**Directions:** Copy the records below exactly, starting at the line that contains "Xjxksニット緩い韓国スタ" and ending at the line that contains "- 5.Supplier Verification: Pharmacie"; leave out any pictures.

[[ Material to process open ]]

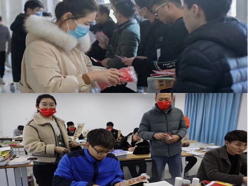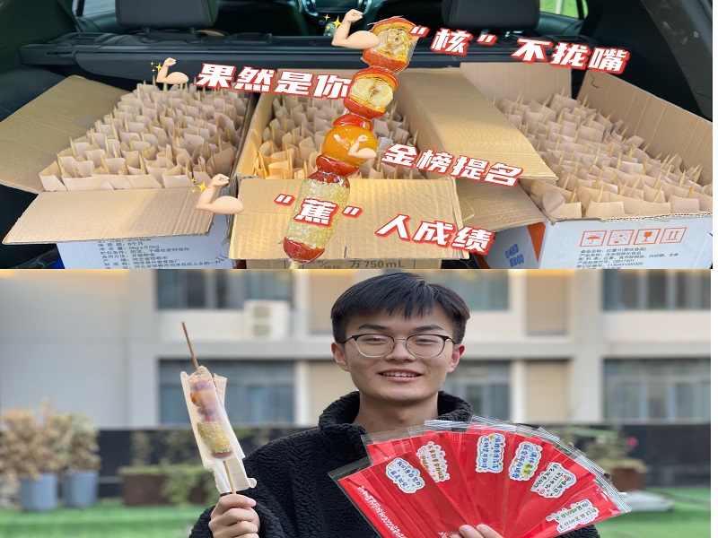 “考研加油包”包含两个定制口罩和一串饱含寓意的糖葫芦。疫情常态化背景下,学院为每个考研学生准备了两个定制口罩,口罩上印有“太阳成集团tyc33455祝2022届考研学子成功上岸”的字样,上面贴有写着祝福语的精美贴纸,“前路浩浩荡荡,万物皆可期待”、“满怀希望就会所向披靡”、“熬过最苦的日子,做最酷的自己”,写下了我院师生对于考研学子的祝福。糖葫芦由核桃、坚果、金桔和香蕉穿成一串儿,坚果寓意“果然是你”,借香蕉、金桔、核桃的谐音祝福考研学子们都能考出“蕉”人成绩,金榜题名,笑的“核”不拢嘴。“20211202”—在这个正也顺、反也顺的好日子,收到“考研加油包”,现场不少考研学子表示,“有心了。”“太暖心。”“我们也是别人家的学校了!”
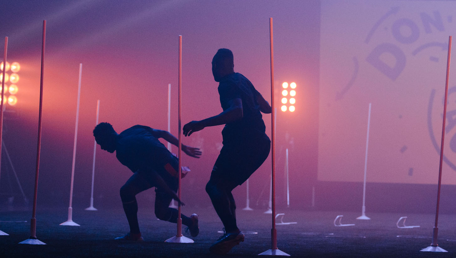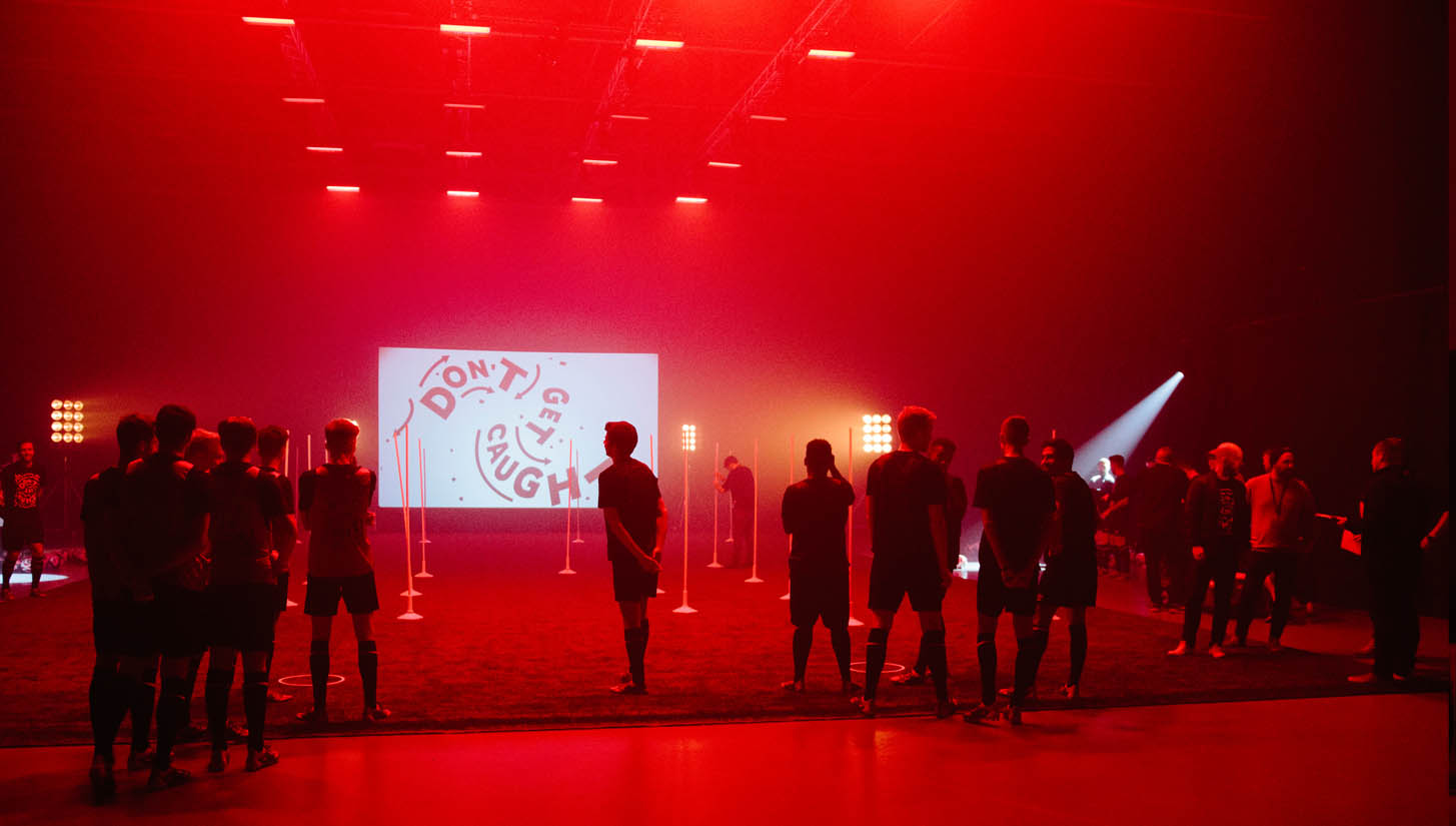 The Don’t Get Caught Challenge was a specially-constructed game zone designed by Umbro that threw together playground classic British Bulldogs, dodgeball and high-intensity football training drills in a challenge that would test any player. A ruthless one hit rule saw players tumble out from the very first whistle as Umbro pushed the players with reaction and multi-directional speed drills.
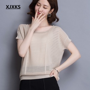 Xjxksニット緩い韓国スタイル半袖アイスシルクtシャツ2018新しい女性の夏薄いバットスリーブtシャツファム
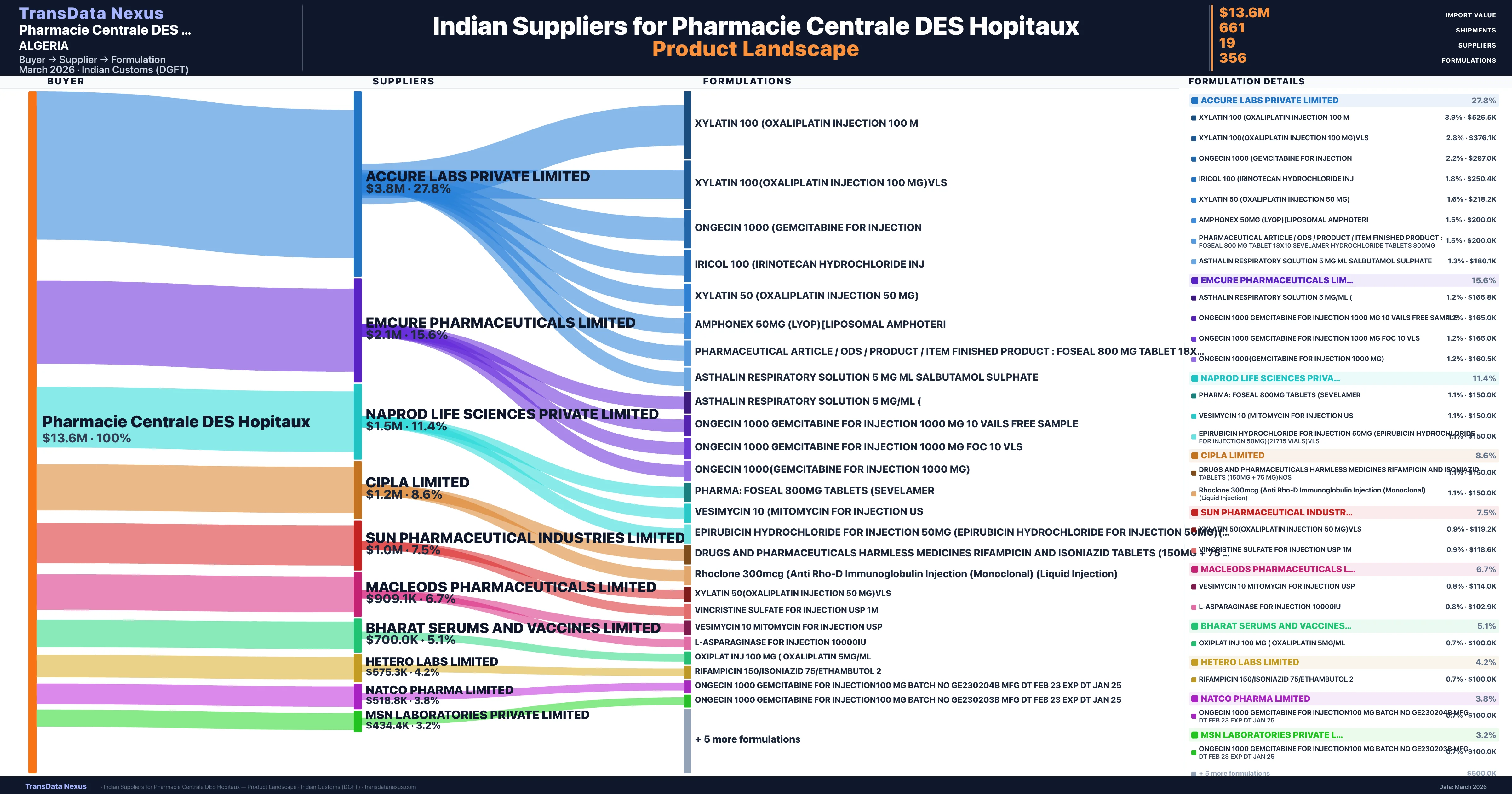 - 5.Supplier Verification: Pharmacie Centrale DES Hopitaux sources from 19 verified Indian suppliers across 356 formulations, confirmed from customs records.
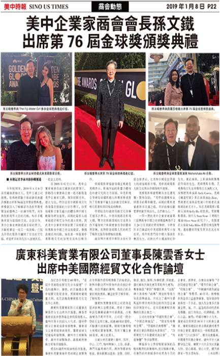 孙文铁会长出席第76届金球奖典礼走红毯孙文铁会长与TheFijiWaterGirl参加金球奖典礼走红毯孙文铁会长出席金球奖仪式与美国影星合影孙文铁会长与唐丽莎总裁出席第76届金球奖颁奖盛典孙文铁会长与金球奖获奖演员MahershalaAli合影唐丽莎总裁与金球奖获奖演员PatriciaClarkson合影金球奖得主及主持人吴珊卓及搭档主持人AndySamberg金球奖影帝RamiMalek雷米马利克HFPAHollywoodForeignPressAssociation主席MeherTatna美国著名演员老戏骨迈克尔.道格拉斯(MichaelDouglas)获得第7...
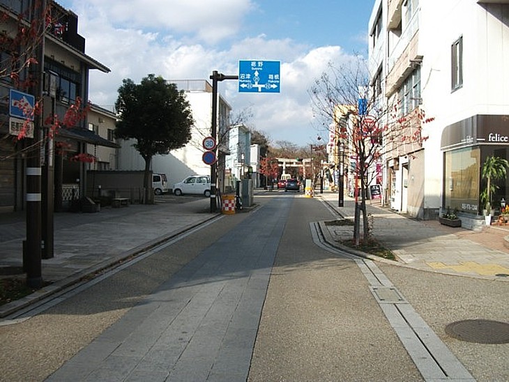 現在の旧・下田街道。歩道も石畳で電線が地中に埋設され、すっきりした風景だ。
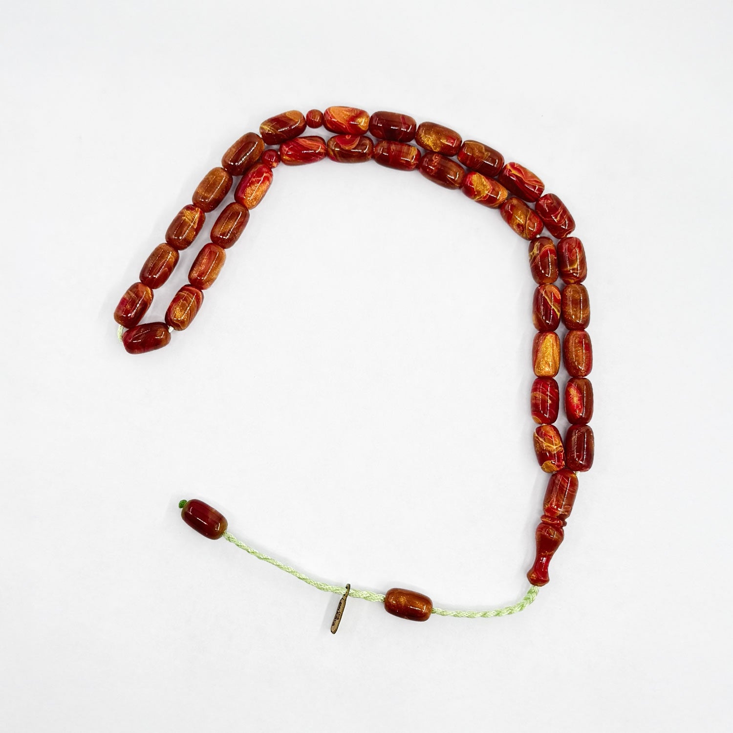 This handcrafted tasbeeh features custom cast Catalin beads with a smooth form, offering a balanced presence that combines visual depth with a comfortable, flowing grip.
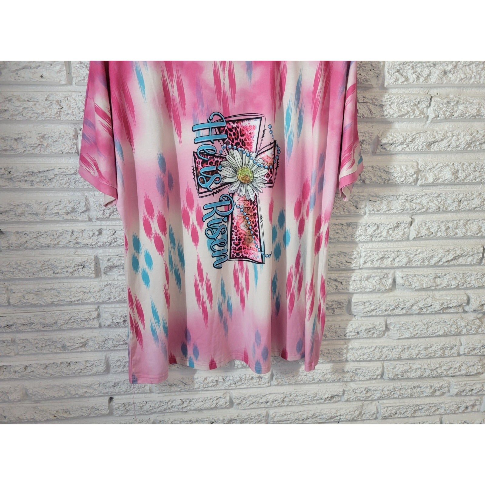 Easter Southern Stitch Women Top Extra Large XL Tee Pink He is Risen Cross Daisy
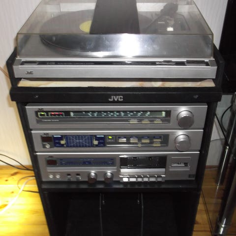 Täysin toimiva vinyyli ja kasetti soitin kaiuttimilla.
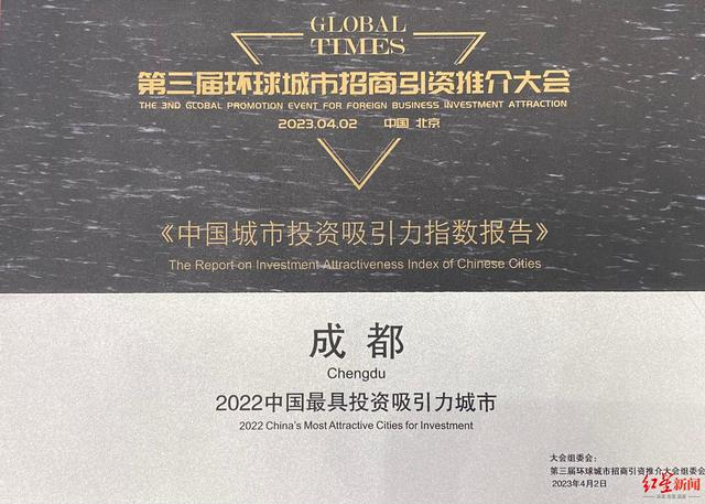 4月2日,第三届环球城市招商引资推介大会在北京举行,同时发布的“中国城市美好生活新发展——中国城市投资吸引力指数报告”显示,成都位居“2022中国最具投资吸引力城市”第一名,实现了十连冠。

[[ Material to process closed ]]

**Solution:**
 Xjxksニット緩い韓国スタイル半袖アイスシルクtシャツ2018新しい女性の夏薄いバットスリーブtシャツファム
 - 5.Supplier Verification: Pharmacie Centrale DES Hopitaux sources from 19 verified Indian suppliers across 356 formulations, confirmed from customs records.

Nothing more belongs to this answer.